South Africa’s Worn Windfall Welcome
South African equities rose 15 percent on the MSCI index in 2012 on positive foreign fund engagement despite the December ANC leadership battle where President Zuma was challenged by his former deputy, who was subsequently replaced upon defeat by wealthy business executive Ramaphosa as the gathering urged a “resources rent tax” previously put at 50 percent for strategic industries like mining. The party backed away from more aggressive expropriation calls and vowed not to be reckless with its “bold state intervention.” Ramaphosa’s seat on the board of beleaguered miner Lonmin was also attacked by labor activists who accuse the company of safety abuses and illegal dismissals after a lengthy strike. He is also chair of pan-continental telecoms giant MTN and Standard Bank, and while criticized for benefiting from black economic empowerment mandates his close relationship with Nelson Mandela, who experienced a sickness bout over the period, promoted the vice president candidacy. The President was dogged by a new controversy over home province spending as he appealed for unity after easily winning internal re-election ahead of the next national contest in 2014, when he may not seek another term as the century-old movement emphasizes fresh personnel and policies to ensure its legacy and age and investigations take their toll. After the vote he lambasted the notion that recent credit downgrades meant the country was “falling apart” and pointed to specific growth and job creation plans even as the wave of wildcat mine violence cost billions of dollars in direct and indirect losses. The sovereign rating is still investment-grade but the outlook is negative from the three main agencies on weaker public finances and increased social strife. Q4 saw recession and 2013 will repeat sleepy 2.5 percent GDP growth as official unemployment again teeters at 25 percent. Inflation remains stubborn at 5 percent on food and currency causes as the current account deficit is at a 5-year high near 7 percent of output. Fixed-income inflows have surged since entry into world bond indices, but public debt approaching 45 percent of GDP has introduced caution especially with a big infrastructure program underway to relieve housing, power, highway and sanitation shortages and provide employment.

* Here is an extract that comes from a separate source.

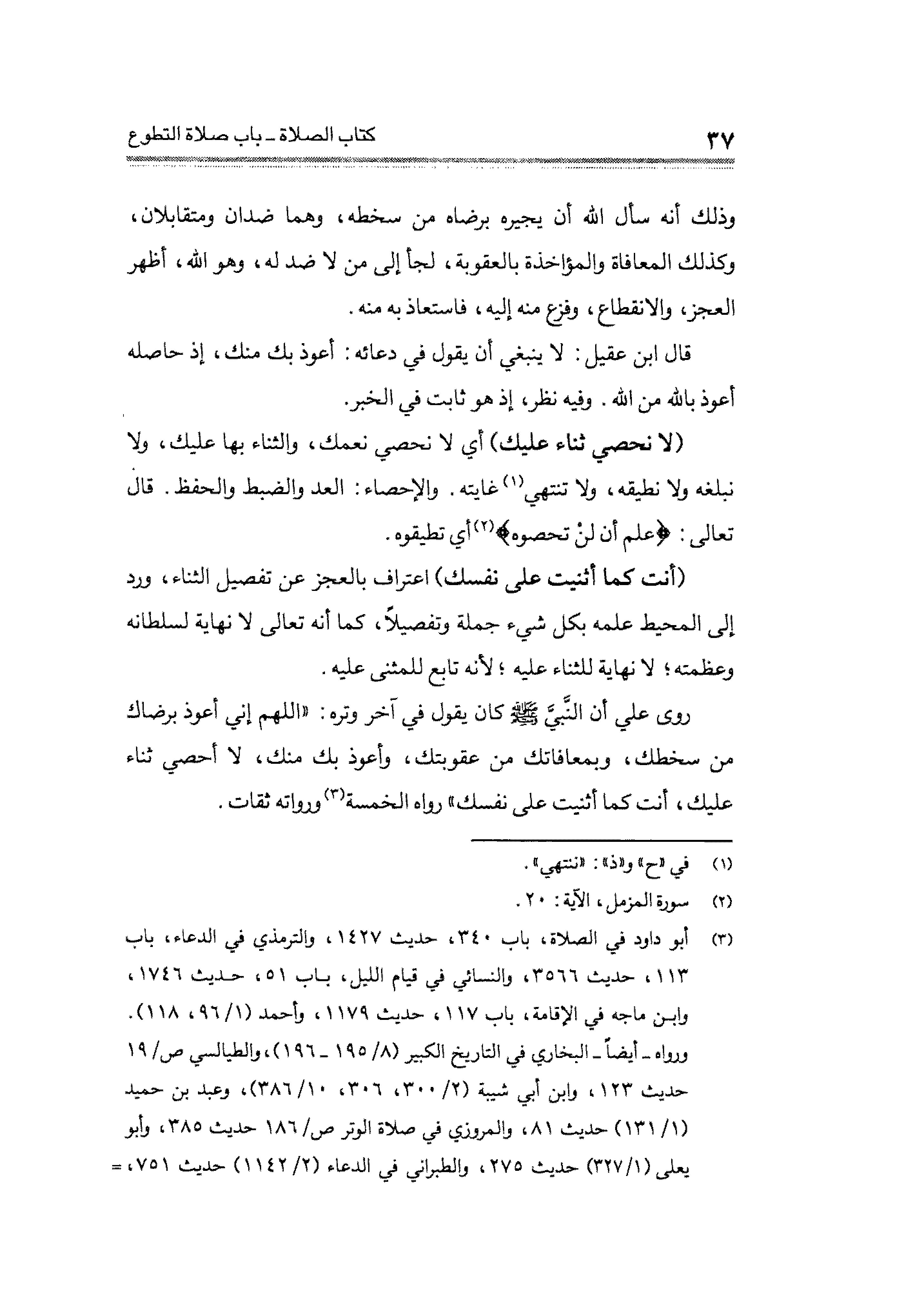 روى علي أن النَّبيّ - صلى الله عليه وسلم - كان يقول في آخر وتره: "اللَّهم إنِّي أعوذ برضاك من سخطك، وبمعافاتك من عقوبتك، وأعوذ بك منك، لا أحصي ثناء عليك، أنت كما أثنيت على نفسك" رواه الخمسة (¬٣) ورواته ثقات.

The banking sector has come under scrutiny with almost half of consumers reporting impairment and the regulator describing a “ridiculous” expansion of unsecured lending which has tripled in recent years to one-tenth the total. Borrowing rates can be 30 percent and to collect banks have used court orders to attach worker wages in the absence of other relief measures. A range of smaller specialized providers have joined the “big four” in the personal, credit card and overdraft push. The problem could blemish the middle-class story propounded by the World Bank and private analysts ,with the continent’s per capita-income now estimated at over $1500 and average GDP growth leading developing regions at almost 6 percent in a good news windfall.